About this exercise
Below are records to return verbatim; the pictures are to be dropped.

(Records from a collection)

*-*-*

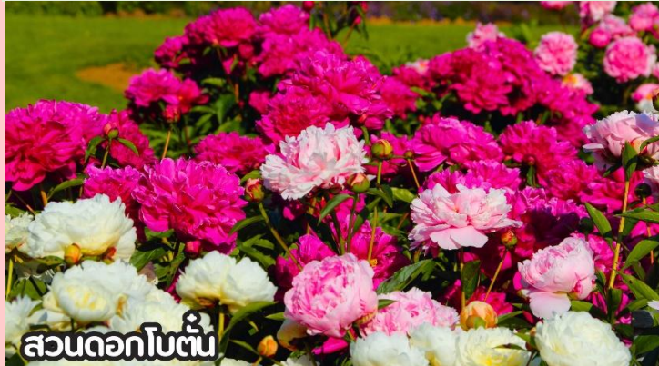
สวนดอกโบตั๋น

ดอกทานตะวันในปักกิ่งบานสะพรั่งสวยงามในหลายพื้นที่ โดยเฉพาะช่วงฤดูร้อนที่สวนป่าโอลิมปิก (Olympic Forest Park) และสวนสาธารณะริมแม่น้ำหยุนหยวน (Wenyu River Park) กลายเป็นจุดชมวิวยอดนิยมที่ดึงดูดนักท่องเที่ยวให้มาถ่ายรูปกับทุ่งดอกสีเหลืองอร่าม เป็นสัญลักษณ์ของฤดูร้อนที่สดใสของเมืองหลวงจีน เดือนสิงหาคม-ต้นกันยายน ชมทุ่งดอกเบญจมาศหรือดอกไฮเดรนเยีย ดอกเบญจมาศปักกิ่งหมายถึงสายพันธุ์เบญจมาศที่มีต้นกำเนิดหรือนิยมปลูกในกรุงปักกิ่ง ประเทศจีน โดยเฉพาะช่วงฤดูใบไม้ร่วง ที่มีการจัดงานมหกรรมดอกเบญจมาศ แสดงความหลากหลายของสีและรูปร่าง มีสายพันธุ์เช่น "กุส่วยจินเสี" ที่ได้รับรางวัลราชาดอกเบญจมาศ และยังมีเบญจมาศปักกิ่งสีขาวที่เป็นสมุนไพรด้วย ที่สำคัญคือเป็นดอกไม้ที่ใช้ในงานเทศกาลและวัฒนธรรม โดยเฉพาะในสวนสาธารณะ เช่น รือถาน และอุทยานเป่ย์ไห่ มีหลากหลายสี เช่น ขาว เหลือง ชมพู แดง และม่วง สามารถพบได้ในหลายพื้นที่
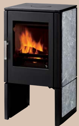
ASCUA Speckstein schwarz, mit Speckstein-Elementen H900 x B480 x T516 mm
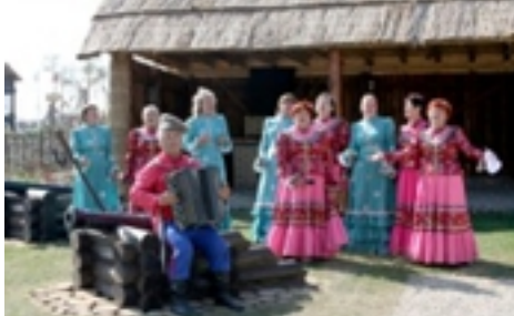
Рисунок 6. Станица Атамань, выступление казачков.
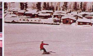
Langlaufloipe Bumbach - Kemmeriboden. 10 Km maschinenpräpariert für Klassisch und Skating.
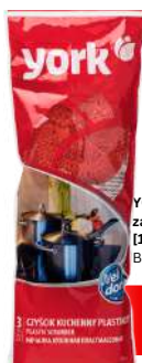
YORK plastična žica za suđe 3/1 - 133 [100kom/karton] BC: 5903355000334
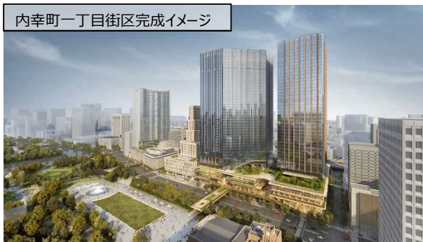
内幸町一丁目街区完成イメージ
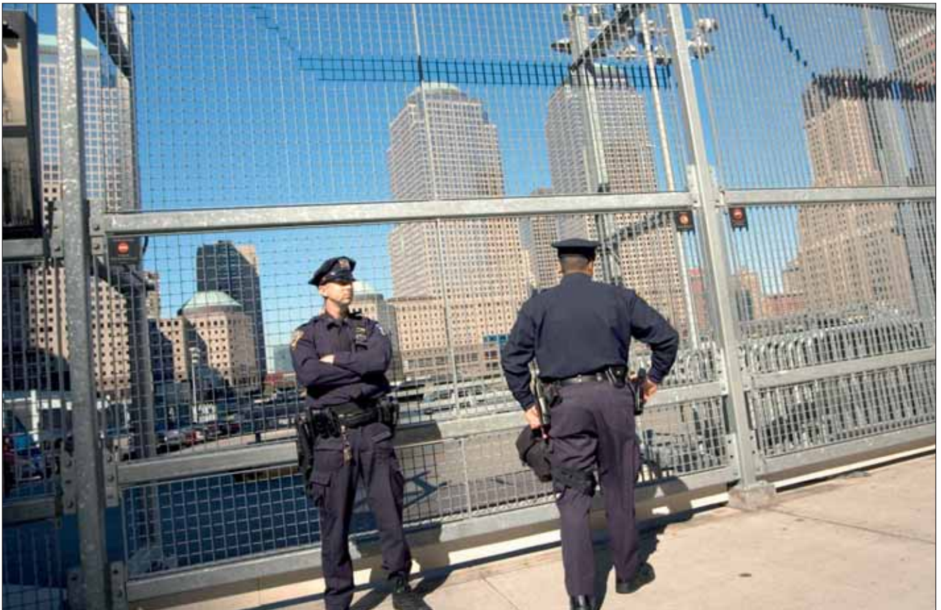
Sicherheitsposten am „Ground Zero“: Rund 1.000 Polizisten sind in New York ständig für die Terrorbekämpfung abgestellt.
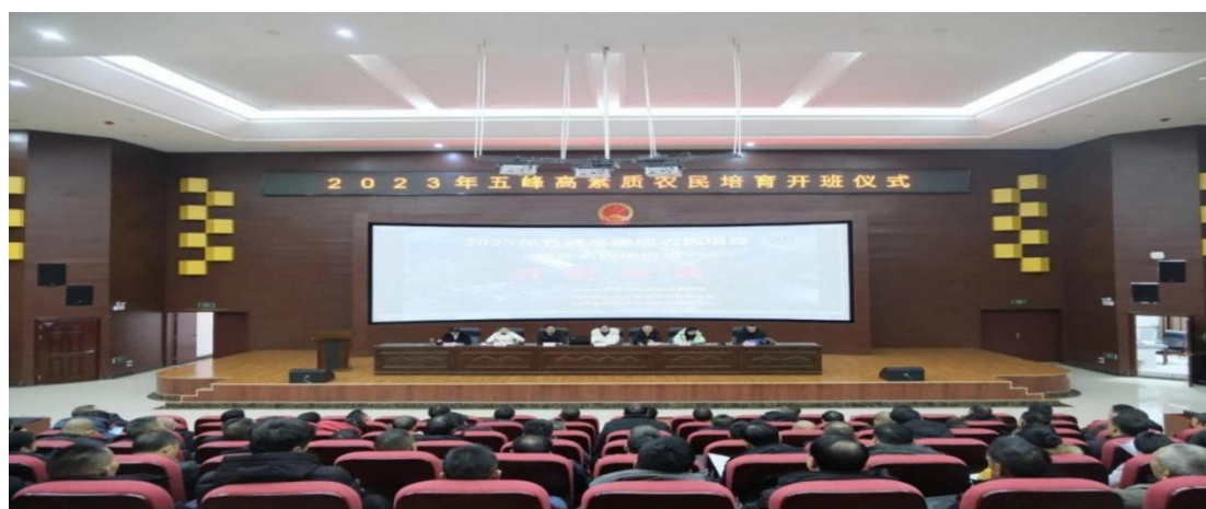
图 15 五峰高素质农民培育开班仪式

聚焦人才振兴，精心构建产教融合的人才培养链，将教育培训与产业发展紧密结合，覆盖茶叶、林业、中药材等多个行业领域，培养了一批批懂技术、善经营、会管理的新型职业农民和产业带头人。目前已成功举办 244 期职业技能培训（见图 15），惠及 21,342 人次，占全县脱贫户的 75%和脱贫人口的 36%，为巩固脱贫成果与推进乡村振兴提供了坚实的人才支撑。
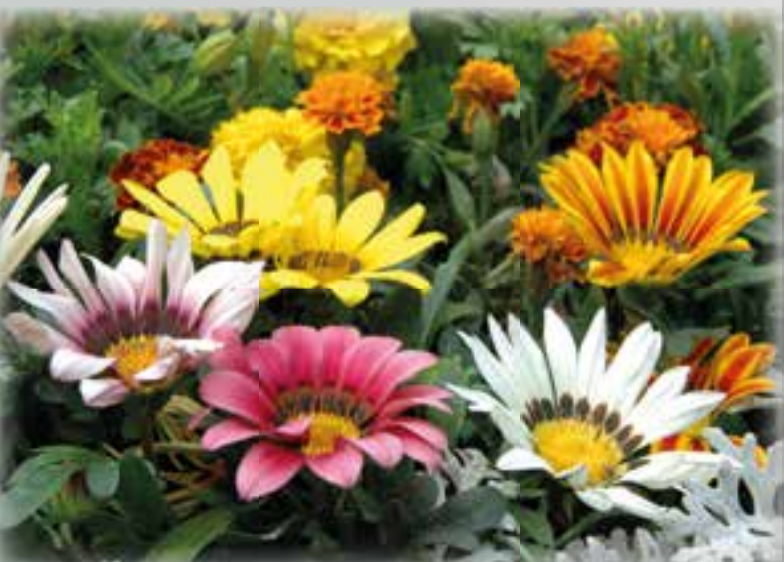
Gazania Mittagsgold in apartem Farbspiel, für vollsonnigen Standort, 12 cm Topf, Art.Nr.: 89000478
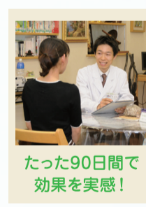
たった90日間で 効果を実感!
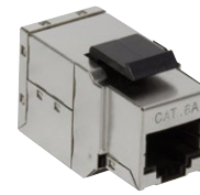
Part No. NK4010
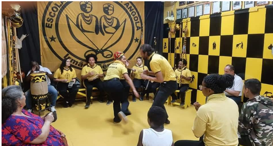
Evento de Encerramento das Atividades/2020
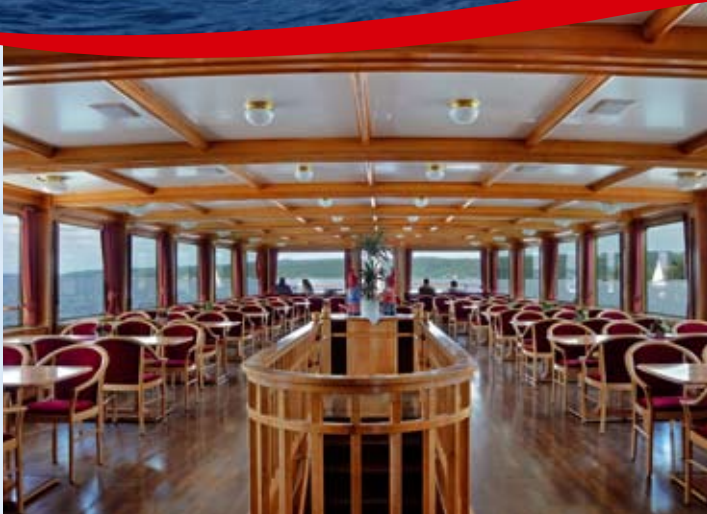
Stilvolles Ambiente im Hecksalon.
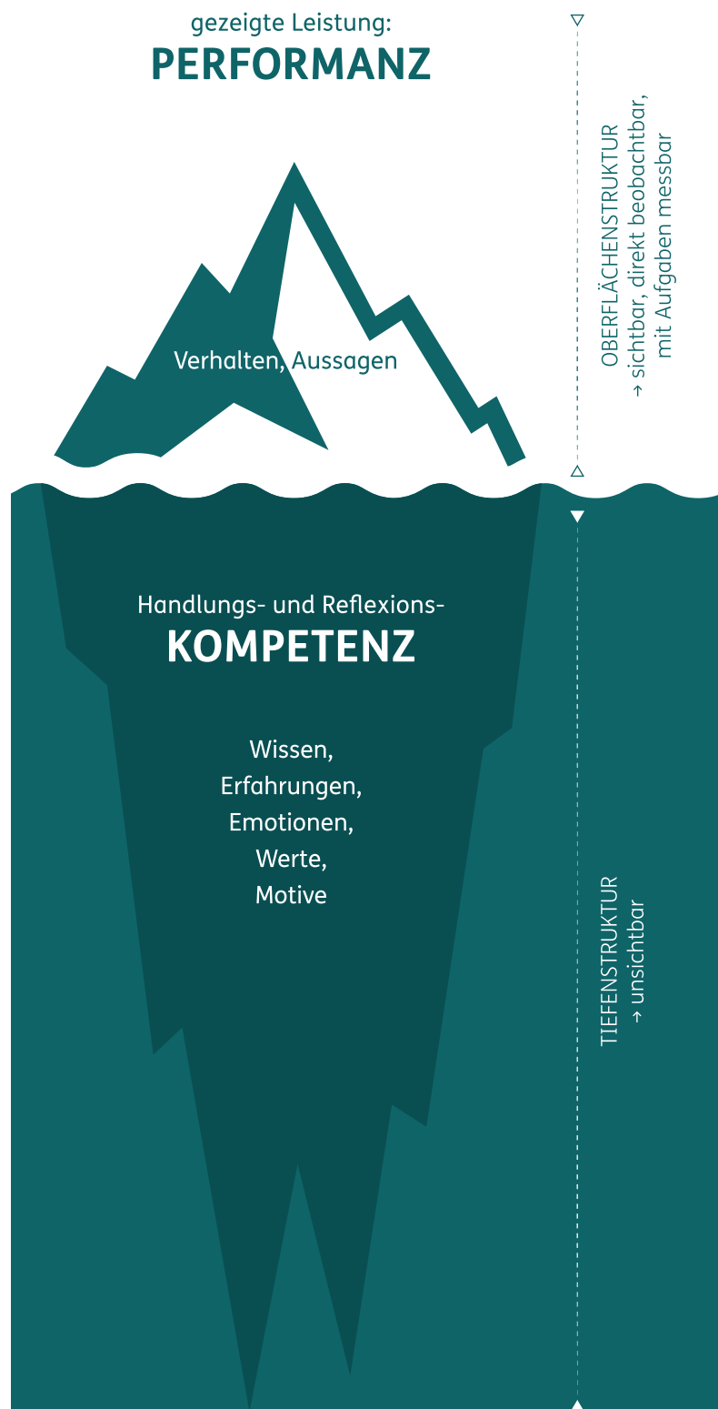
Abbildung: Oberflächen- und Tiefenstruktur

Allerdings ist das, was sich an der Performanz, im Verhalten einer Person zeigt, nie deren ganze Kompetenz, sondern immer nur ein Ausschnitt. Um kompetent zu handeln, sind Wissen, bestimmte Fertigkeiten, eine bestimmte Haltung, Erfahrung und Motivation nötig. Wissen allein ist also keine Kompetenz – ebenso wenig wie die anderen Elemente. Erst die Verbindung dieser Komponenten führt zur Kompetenz.
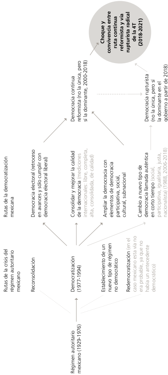
FIGURA 2. Rutas de la democratización, choque y convivencia entre modelos de democracia en México
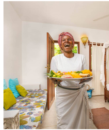
ACCUEIL CHALEUREUX & NOURRITURE LOCALE
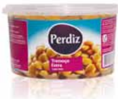
Tremoço Extra 13/15 Extra Lupin 13/15 Lupin Extra 13/15 Altramuz Extra 13/15

300 gr Un. p/Cx: 1x12 Cód.: 5600441613316
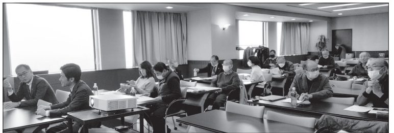
▲2025年移植セミナー会場

移植を待つ身にはとても為になる話題でしたので、移植を待つ多くの患者家族に聞いて欲しいと2026年度移植セミナーも開催する予定です。
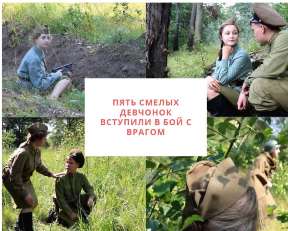
ПЯТЬ СМЕЛЫХ ДЕВЧОНОК ВСТУПИЛИ В БОЙ С ВРАГОМ
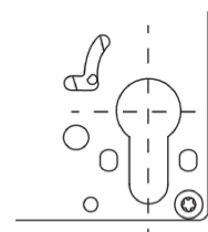
Detail: Variante PZ-Lochung
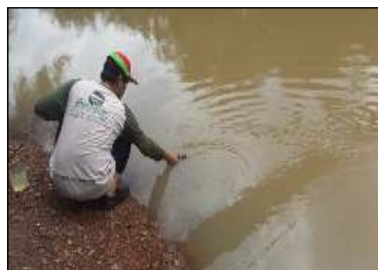
Desa Lawiran Kec. Simpang Empat
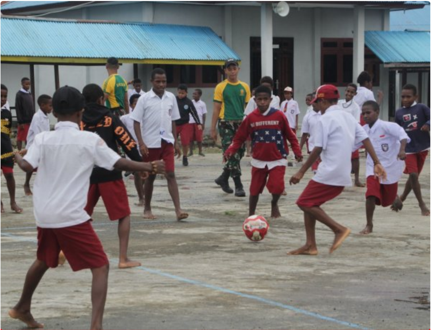
Foto: Saat Satgas Pamtas Mobile RI-PNG Yonif 503/Mayangkara mengajak main sepak bola siswa SD Inpres Kenyam, Distrik Kenyam, Kabupaten Nduga, Papua, Kamis 6 Febuari 2025.
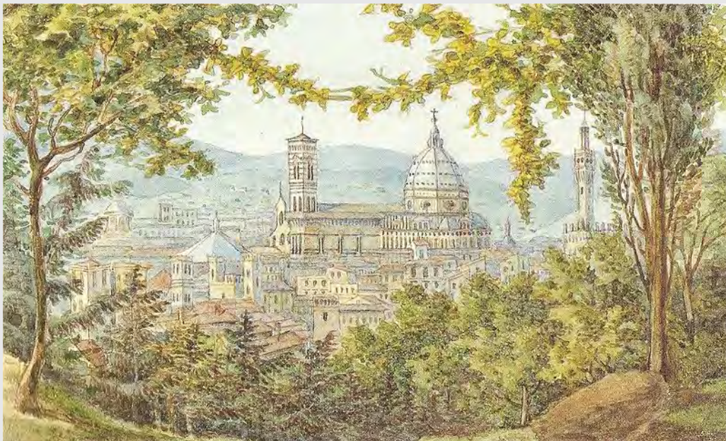
Gezicht op Florence, aquarel van Felix Mendelssohn

Felix Mendelssohn-Bartholdy werd geboren in een rijke Protestants-Joodse familie, waar de mogelijkheden voor de ontwikkeling van zijn buitengewoon muzikaal talent optimaal waren. Na de eerste pianolessen van zijn moeder vervolgde hij op zevenjarige leeftijd de pianostudie in Parijs bij Marie Bigot. In 1817 keerde hij terug naar Berlijn en kreeg daar compositieles van Carl Friederich Zelter, een groot Bach kenner en een goede vriend van Goethe.
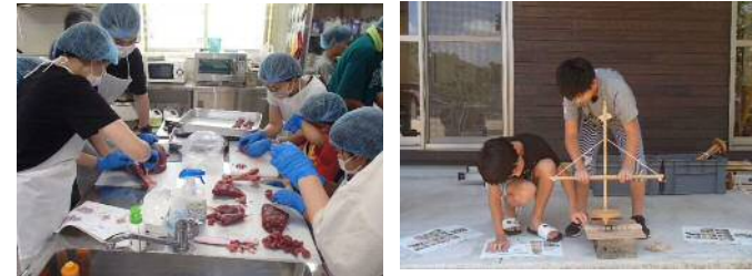
若者の参画事業（画像は成器地区：「いただきます」の食育事業）
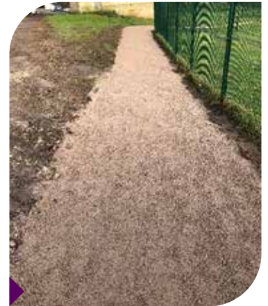
Voie d'accès au parcours santé
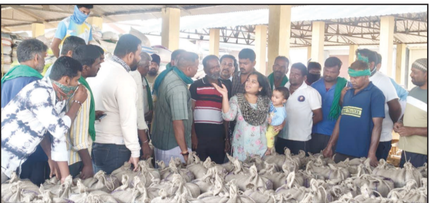
ಕನ್ನಡ ಪೋಸ್ಟ್ ನ್ಯೂಸ್ ನೆಟ್ವರ್ಕ್
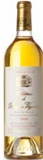
Château Rayne Vigneau 1er Cru Classé
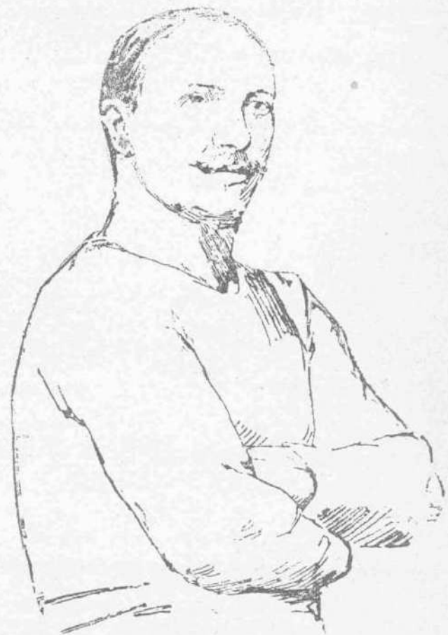
ΣΟΥΤΤΕΡ (Νικητής του ίππικού έραλτηρίου—Έλβετία)
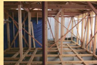
内部の骨組みの、防蟻・防腐処理が完了しました。
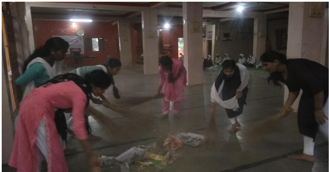
स्वच्छता करताना स्वयंसेवक
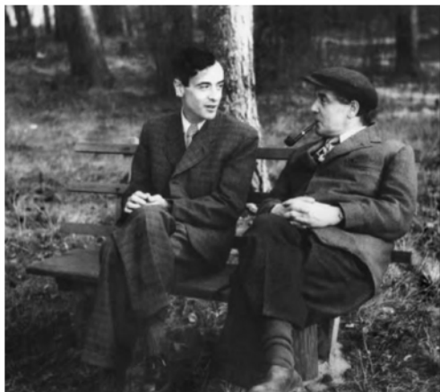
图4 朗道和卡皮查(1948年)

些勇于承担责任、坚持真理的科学家,为他撑起保护伞,尽量发挥他的聪明才智。这不能不说是苏联物理学界的一件幸事。
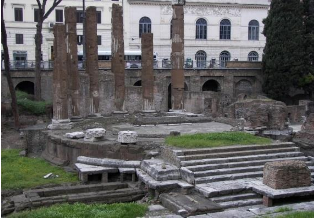
Görsel 2.6. Campus Martius, Largo Argentina'da bulunan Fortuna Huiusce Dei tapınağının kalıntıları.

Tanrıça Fortuna'ya ait olduğu düşünülen en erken heykel parçaları Q. Lutatius Catulus'un barbarlara karşı kazandığı zafer sonrası adadığı tapınakta ele geçirilmiştir. Yaşlı Plinius da Catulus'un tanrıçaya heykeller adadığını ve bunların tapınakta bulunduğunu aktarmaktadır. 193 Roma'daki Largo Argentina'daki Fortuna Huiusce Diei Tapınağı'nın kalıntılarının altında, muhtemelen yukarıda sözü edilen külte ait devasa boyutlarda akrolitik 194 bir heykelin parçaları ele geçirilmiştir (Görsel 2.7). 195
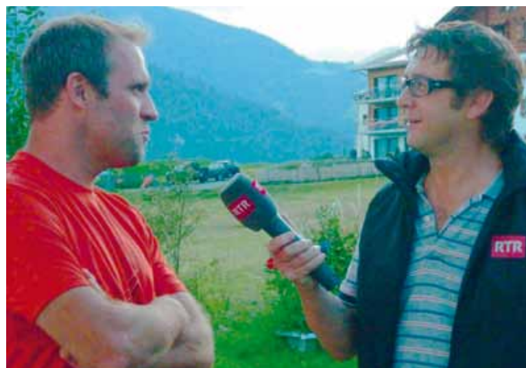
Il contact cun la populaziun è impurtant per il correspondent dad RTR.

Sper il fatg che la glied preferescha savens da dir nagut, datti anc in auter aspect interessant che jau hai constatà. Per ina part da la glied è il correspondent adina in pau suspect. "Sesa el ussa a la canorta per spiunar e chattar temas. U è el simplmain qua per
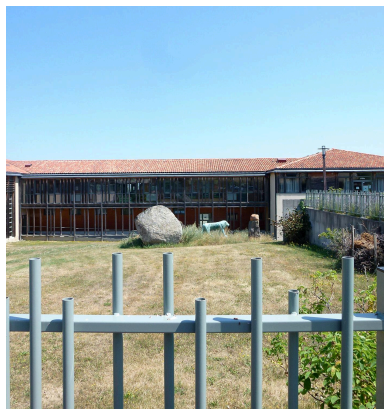
Vue de l'installation dans son environnement, depuis la rue

*-*-*

Your solution
สวนดอกโบตั๋น

ดอกทานตะวันในปักกิ่งบานสะพรั่งสวยงามในหลายพื้นที่ โดยเฉพาะช่วงฤดูร้อนที่สวนป่าโอลิมปิก (Olympic Forest Park) และสวนสาธารณะริมแม่น้ำหยุนหยวน (Wenyu River Park) กลายเป็นจุดชมวิวยอดนิยมที่ดึงดูดนักท่องเที่ยวให้มาถ่ายรูปกับทุ่งดอกสีเหลืองอร่าม เป็นสัญลักษณ์ของฤดูร้อนที่สดใสของเมืองหลวงจีน เดือนสิงหาคม-ต้นกันยายน ชมทุ่งดอกเบญจมาศหรือดอกไฮเดรนเยีย ดอกเบญจมาศปักกิ่งหมายถึงสายพันธุ์เบญจมาศที่มีต้นกำเนิดหรือนิยมปลูกในกรุงปักกิ่ง ประเทศจีน โดยเฉพาะช่วงฤดูใบไม้ร่วง ที่มีการจัดงานมหกรรมดอกเบญจมาศ แสดงความหลากหลายของสีและรูปร่าง มีสายพันธุ์เช่น "กุส่วยจินเสี" ที่ได้รับรางวัลราชาดอกเบญจมาศ และยังมีเบญจมาศปักกิ่งสีขาวที่เป็นสมุนไพรด้วย ที่สำคัญคือเป็นดอกไม้ที่ใช้ในงานเทศกาลและวัฒนธรรม โดยเฉพาะในสวนสาธารณะ เช่น รือถาน และอุทยานเป่ย์ไห่ มีหลากหลายสี เช่น ขาว เหลือง ชมพู แดง และม่วง สามารถพบได้ในหลายพื้นที่
ASCUA Speckstein schwarz, mit Speckstein-Elementen H900 x B480 x T516 mm
Рисунок 6. Станица Атамань, выступление казачков.
Langlaufloipe Bumbach - Kemmeriboden. 10 Km maschinenpräpariert für Klassisch und Skating.
YORK plastična žica za suđe 3/1 - 133 [100kom/karton] BC: 5903355000334
内幸町一丁目街区完成イメージ
Sicherheitsposten am „Ground Zero“: Rund 1.000 Polizisten sind in New York ständig für die Terrorbekämpfung abgestellt.
图 15 五峰高素质农民培育开班仪式

聚焦人才振兴，精心构建产教融合的人才培养链，将教育培训与产业发展紧密结合，覆盖茶叶、林业、中药材等多个行业领域，培养了一批批懂技术、善经营、会管理的新型职业农民和产业带头人。目前已成功举办 244 期职业技能培训（见图 15），惠及 21,342 人次，占全县脱贫户的 75%和脱贫人口的 36%，为巩固脱贫成果与推进乡村振兴提供了坚实的人才支撑。
Gazania Mittagsgold in apartem Farbspiel, für vollsonnigen Standort, 12 cm Topf, Art.Nr.: 89000478
たった90日間で 効果を実感!
Part No. NK4010
Evento de Encerramento das Atividades/2020
Stilvolles Ambiente im Hecksalon.
Abbildung: Oberflächen- und Tiefenstruktur

Allerdings ist das, was sich an der Performanz, im Verhalten einer Person zeigt, nie deren ganze Kompetenz, sondern immer nur ein Ausschnitt. Um kompetent zu handeln, sind Wissen, bestimmte Fertigkeiten, eine bestimmte Haltung, Erfahrung und Motivation nötig. Wissen allein ist also keine Kompetenz – ebenso wenig wie die anderen Elemente. Erst die Verbindung dieser Komponenten führt zur Kompetenz.
FIGURA 2. Rutas de la democratización, choque y convivencia entre modelos de democracia en México
ACCUEIL CHALEUREUX & NOURRITURE LOCALE
Tremoço Extra 13/15 Extra Lupin 13/15 Lupin Extra 13/15 Altramuz Extra 13/15

300 gr Un. p/Cx: 1x12 Cód.: 5600441613316
▲2025年移植セミナー会場

移植を待つ身にはとても為になる話題でしたので、移植を待つ多くの患者家族に聞いて欲しいと2026年度移植セミナーも開催する予定です。
ПЯТЬ СМЕЛЫХ ДЕВЧОНОК ВСТУПИЛИ В БОЙ С ВРАГОМ
Detail: Variante PZ-Lochung
Desa Lawiran Kec. Simpang Empat
Foto: Saat Satgas Pamtas Mobile RI-PNG Yonif 503/Mayangkara mengajak main sepak bola siswa SD Inpres Kenyam, Distrik Kenyam, Kabupaten Nduga, Papua, Kamis 6 Febuari 2025.
Gezicht op Florence, aquarel van Felix Mendelssohn

Felix Mendelssohn-Bartholdy werd geboren in een rijke Protestants-Joodse familie, waar de mogelijkheden voor de ontwikkeling van zijn buitengewoon muzikaal talent optimaal waren. Na de eerste pianolessen van zijn moeder vervolgde hij op zevenjarige leeftijd de pianostudie in Parijs bij Marie Bigot. In 1817 keerde hij terug naar Berlijn en kreeg daar compositieles van Carl Friederich Zelter, een groot Bach kenner en een goede vriend van Goethe.
若者の参画事業（画像は成器地区：「いただきます」の食育事業）
Voie d'accès au parcours santé
ಕನ್ನಡ ಪೋಸ್ಟ್ ನ್ಯೂಸ್ ನೆಟ್ವರ್ಕ್
Château Rayne Vigneau 1er Cru Classé
ΣΟΥΤΤΕΡ (Νικητής του ίππικού έραλτηρίου—Έλβετία)
内部の骨組みの、防蟻・防腐処理が完了しました。
स्वच्छता करताना स्वयंसेवक
图4 朗道和卡皮查(1948年)

些勇于承担责任、坚持真理的科学家,为他撑起保护伞,尽量发挥他的聪明才智。这不能不说是苏联物理学界的一件幸事。
Görsel 2.6. Campus Martius, Largo Argentina'da bulunan Fortuna Huiusce Dei tapınağının kalıntıları.

Tanrıça Fortuna'ya ait olduğu düşünülen en erken heykel parçaları Q. Lutatius Catulus'un barbarlara karşı kazandığı zafer sonrası adadığı tapınakta ele geçirilmiştir. Yaşlı Plinius da Catulus'un tanrıçaya heykeller adadığını ve bunların tapınakta bulunduğunu aktarmaktadır. 193 Roma'daki Largo Argentina'daki Fortuna Huiusce Diei Tapınağı'nın kalıntılarının altında, muhtemelen yukarıda sözü edilen külte ait devasa boyutlarda akrolitik 194 bir heykelin parçaları ele geçirilmiştir (Görsel 2.7). 195
Il contact cun la populaziun è impurtant per il correspondent dad RTR.

Sper il fatg che la glied preferescha savens da dir nagut, datti anc in auter aspect interessant che jau hai constatà. Per ina part da la glied è il correspondent adina in pau suspect. "Sesa el ussa a la canorta per spiunar e chattar temas. U è el simplmain qua per
Vue de l'installation dans son environnement, depuis la rue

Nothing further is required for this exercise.